"Radicalism" or "radical liberalism" was a political ideology in the 19th century United States aimed at increasing political and economic equality. The ideology was rooted in a belief in the power of the ordinary man, political equality, and the need to protect civil liberties.

Overview

Upon the founding of the United States, many ideas later associated with Radicalism were staples of American political life, it was not to the same degree. For example, while separation of church and state was enshrined in the first amendment, many states continued not allowing "blasphemers" to run for office and paid churches out of the public treasury. Additionally, many states had wealth and property requirements for voting. Most property requirements were done away with by the 1820s, with North Carolina being the last state to do so in 1856.

One of the first major factions that might be characterized as Radical are the Jeffersonian Republicans., and by extension the various Democratic-Republican Societies and the Democratic-Republican Party that rallied behind Thomas Jefferson. The party believed in expansionism, social mobility, frequently defended the French Revolution until Napoleon took power, and, though open to some redistributive measures, saw a strong centralized government as a threat to freedom.

The Radical faction of the Democratic-Republican party eventually became the Democrats, a populist political movement that advocated for the political equality of white men. A faction of the Democrats that could be characterized as Radical is the Locofocos, originally known as the Equal Rights Party. They were vigorous advocates for laissez-faire economics and trade unionism, and were opposed to state banks and monopolies.

While Slavery was becoming a more divisive issue among Americans, the term "Radical" eventually became synonymous with Northerners opposed to Slave Power. Many abolitionist Democrats, called "Barnburners" in New York, began leaving the party in favor of others, such as the Free Soil Party, during this period. These abolitionist Democrats, Conscience Whigs and European Revolutionaries fleeing after the largely unsuccessful Revolutions of 1848, eventually formed the backbone of the Radical faction of the Republican party.

While Radical Republicans were not unified in regards to many issues in their early years, they were unified in their desire for the immediate complete abolition of slavery, belief in the predominance of Free Labor (both agricultural and industrial) over Slave Labor, support of Land Reform, suffrage expansion, opposition to the Southern Aristocracy, and belief in civil rights for emancipated slaves.

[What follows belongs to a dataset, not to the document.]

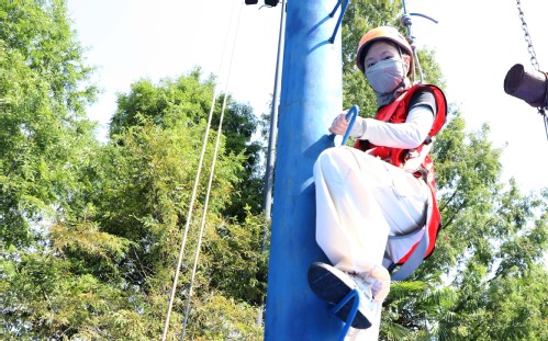 户外运动培训活动现场气氛热烈。在教练的指导下,新教工们通过随机分组,推选队长,通过确定队名、队歌、口号、队旗等环节迅速完成破冰团建。大家各尽其能、各显神通,群策群力探寻最佳解决方案和竞技技巧。
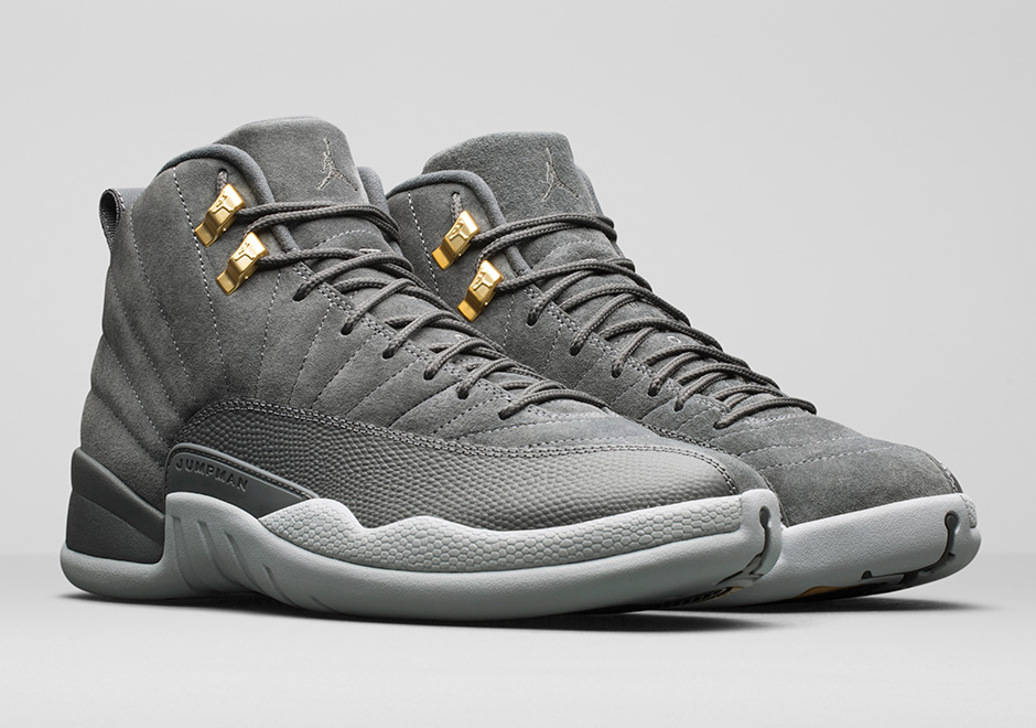 除了酒红配色外,Air Jordan 12 还将带来金扣灰麂皮版本,延续本次的奢华呈现。

The ideology reached its peak relevance during the Reconstruction period following the Civil War. Radical Republicans sought to guarantee civil rights for African Americans, ensure that the former Confederate states had limited power in the federal government, and promote free market capitalism in the South in place of a slave based economy. Many Radical Republicans were also supportive of Labor Unions, though this element would fade over time. Many liberal Radical Republicans, (Liberal in this case meaning pro-free trade, civil service reform, federalism, and generally soft money) such as Charles Sumner and Lyman Turnbull, eventually began to leave the faction for other parties and Republican factions as Reconstruction wore on to a point considered excessive and the corruption of many hardliners became evident.

The remaining radicals after this came to be referred to as the Stalwarts, and were from thereon marked primarily their advocacy of spoils system politics and African-American civil rights. It was eventually succeeded as a liberal egalitarian left leaning ideology by Populism and later Progressivism.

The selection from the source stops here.